Pieter’s voice broke the silence. “We should be talking and saying things that matter. We should not retreat into silence. To do so means they have won. Maria, you know how much we love you. That goes without saying. But this I do say unto you―do not despair. We will meet again in this life. This is as certain to me as darkness follows sunset. As you make your journey, my child, you will be guided by God’s grace and mercy and the love and memories each of us has shared.”
“Your father has read my heart and my thoughts passed through his lips. I can say it no better. I will add only this. My heart will ache every morning when I set the breakfast table with only two plates. My heart will ache whenever I put logs on the fire and do not see you asleep in your favorite chair with an open textbook on your lap. My heart will ache whenever your father and I sit in a church pew and you are not there between us lifting your voice in praise of our Lord. But most of all I will miss the sparkle in your eyes and your laughter when you are happy. I thank God every day that you are our child. Regardless of what happens, He has blessed us beyond belief.”

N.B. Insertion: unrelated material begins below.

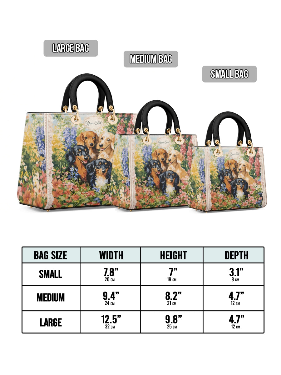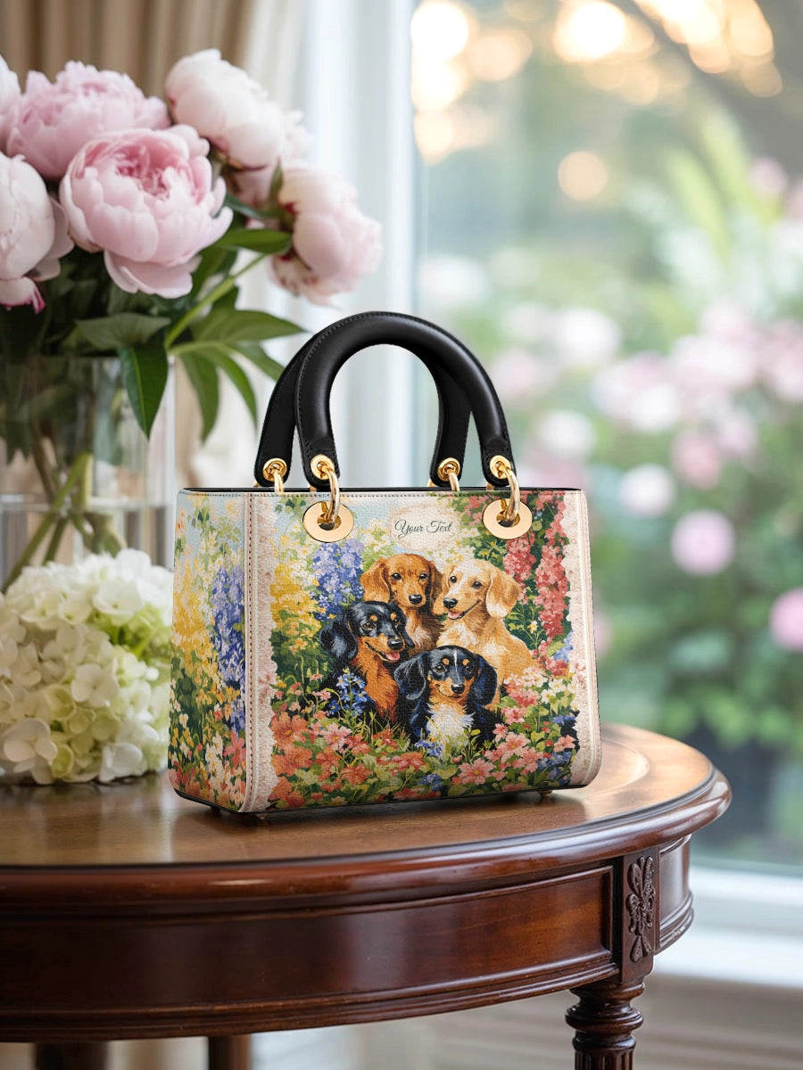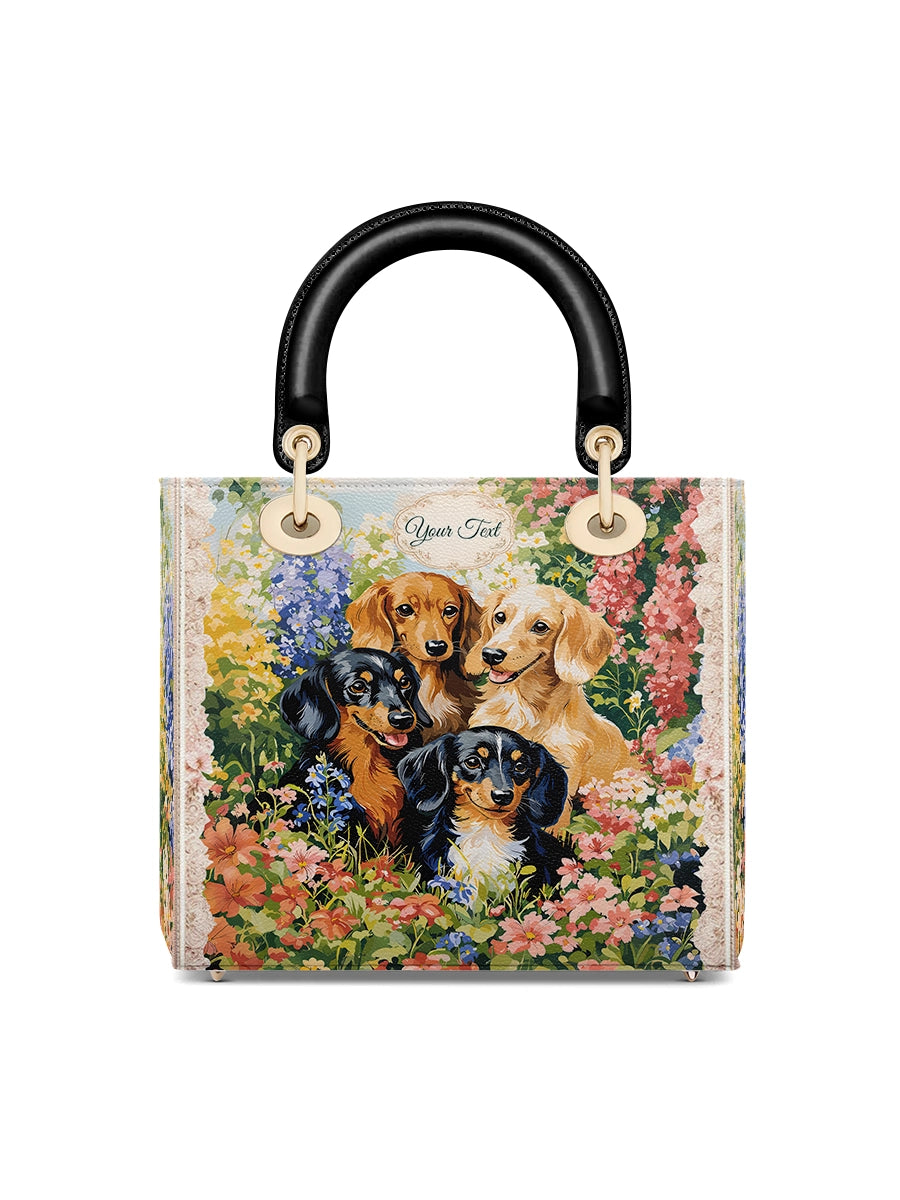 The Lady Leather Bag by DachyCharm brings timeless elegance to everyday moments. With its structured silhouette, sturdy top handles, and charming details, it’s the perfect blend of grace and personality — made for dachshund lovers who adore a touch of sophistication.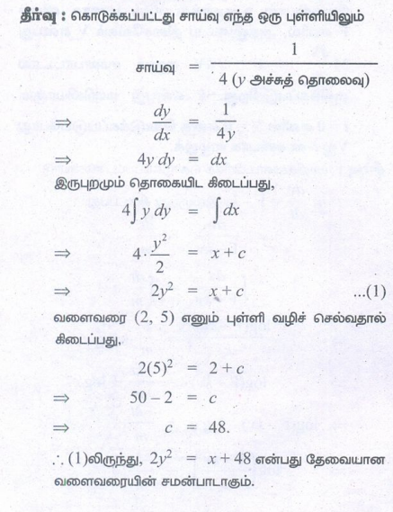 3. ஏதேனும் ஒரு புள்ளியில் ஒரு வளைவரையின் தொடுகோட்டின் சாய்வு, அப்புள்ளியின் yஅச்சுத் தொலைவின் 4மடங்கின் தலைகீழியாகும். மேலும் வளைவரை (2,5) எனும் புள்ளிவழியாகச் செல்கிறது எனில், வளைவரையின் சமன்பாட்டைக் காண்க.

Maria cried uncontrollably. The three of them stood and had a final family hug. The emotions in the room were as thick and swirling as piled autumn leaves in a wind gust. That night after darkness replaced the last faint shards of sunlight Maria dressed warmly and slipped on her backpack. Twenty paces down the dirt road she looked back and waved to her parents who were clinched on the front porch wiping away tears. When she could bear it no more, she turned and set one foot in front of another. Her journey and flight to safety had begun.